--- Problem statement ---
Of the lines in the material below, print only those from the one containing "Walt Disney Comics" to the one containing "Den Rest der", ends included, exactly as written and without pictures.

(Beginning of Working data)

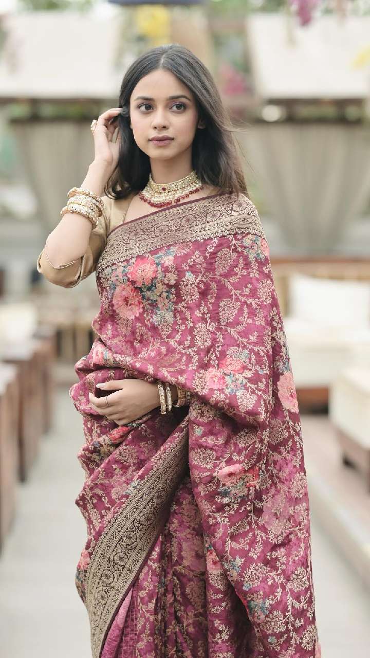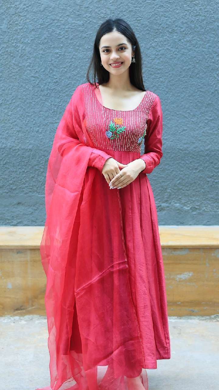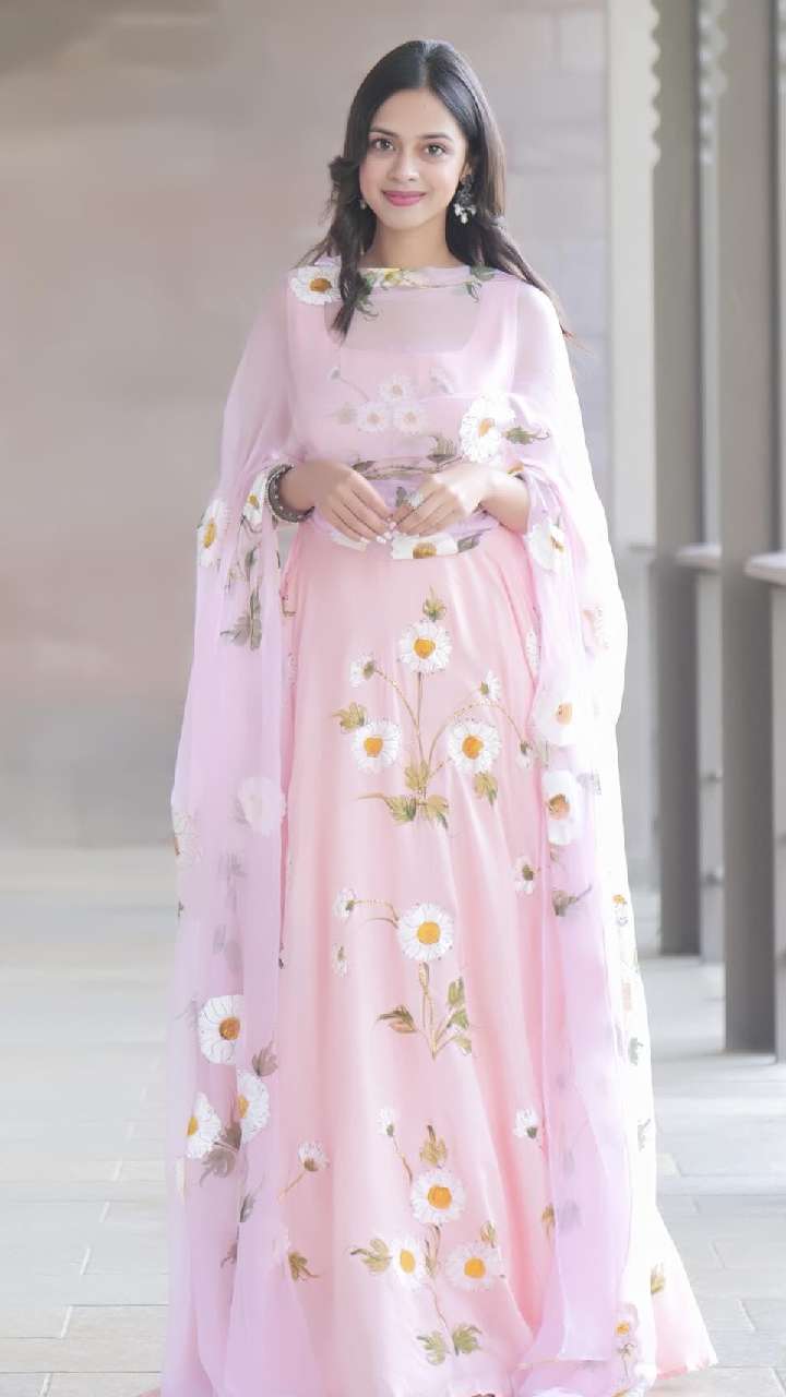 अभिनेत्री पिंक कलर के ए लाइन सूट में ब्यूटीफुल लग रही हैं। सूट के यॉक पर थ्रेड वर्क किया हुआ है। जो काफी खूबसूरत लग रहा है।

(End of Working data)
(Beginning of Working data)

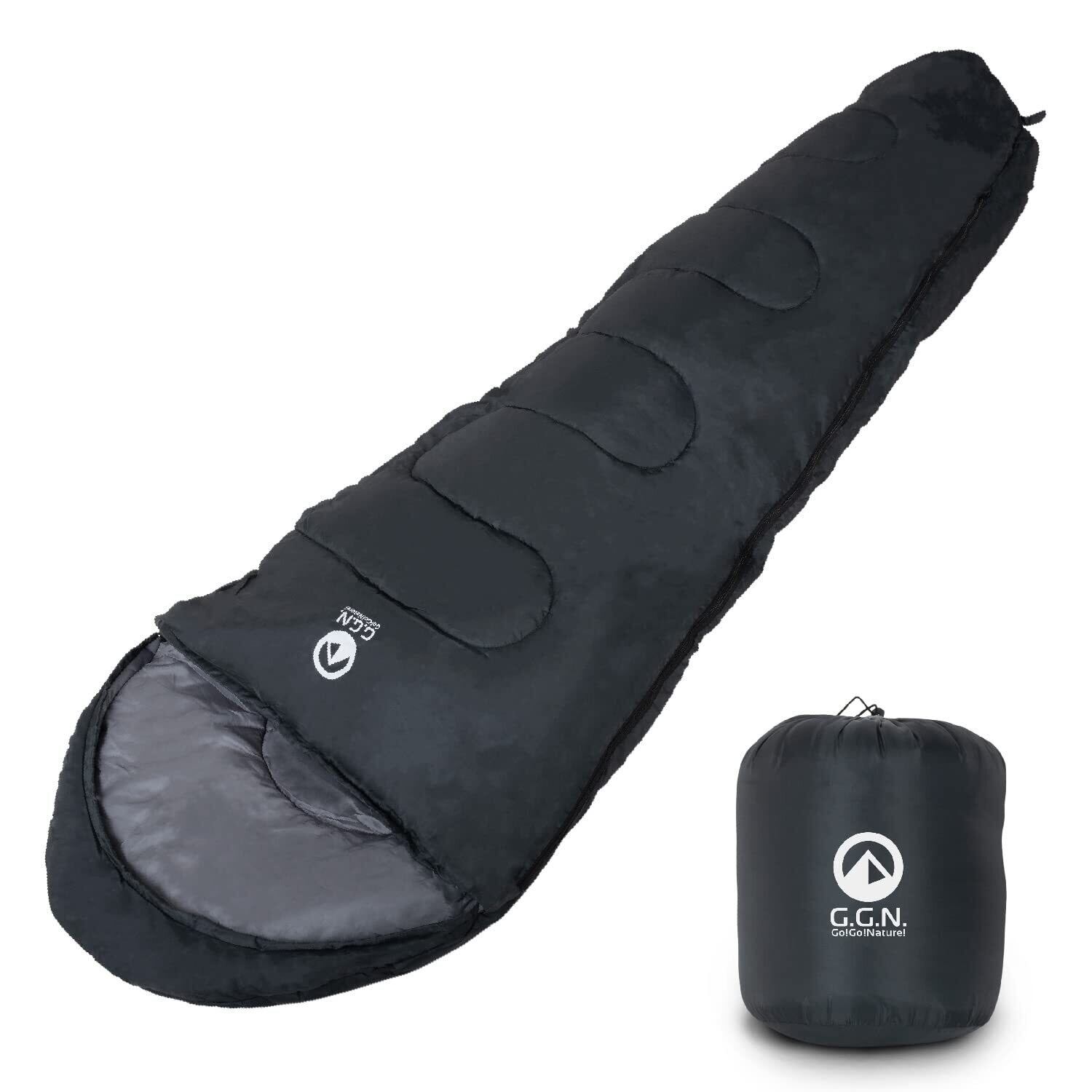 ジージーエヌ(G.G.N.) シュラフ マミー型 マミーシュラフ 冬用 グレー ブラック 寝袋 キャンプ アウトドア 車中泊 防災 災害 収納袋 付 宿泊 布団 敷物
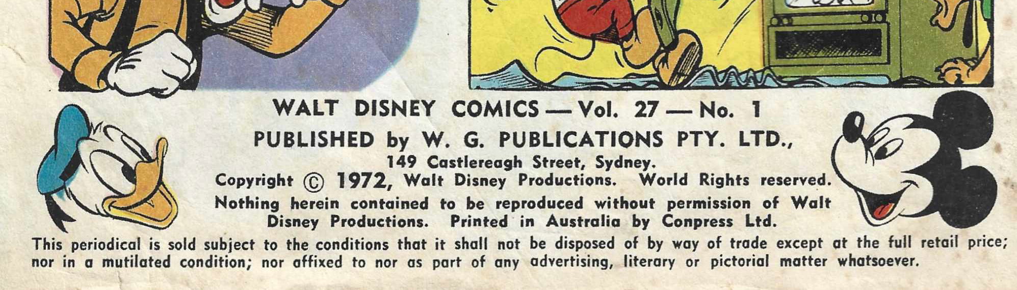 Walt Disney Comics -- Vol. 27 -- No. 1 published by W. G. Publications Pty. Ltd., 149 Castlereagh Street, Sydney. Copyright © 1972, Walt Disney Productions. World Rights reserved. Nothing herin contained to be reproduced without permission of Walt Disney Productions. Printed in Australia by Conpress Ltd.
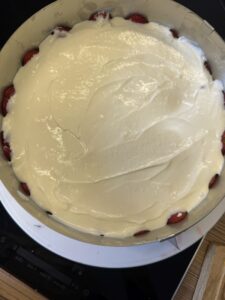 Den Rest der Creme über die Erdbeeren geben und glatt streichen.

(End of Working data)

--- Response to the exercise ---
 Walt Disney Comics -- Vol. 27 -- No. 1 published by W. G. Publications Pty. Ltd., 149 Castlereagh Street, Sydney. Copyright © 1972, Walt Disney Productions. World Rights reserved. Nothing herin contained to be reproduced without permission of Walt Disney Productions. Printed in Australia by Conpress Ltd.
 Den Rest der Creme über die Erdbeeren geben und glatt streichen.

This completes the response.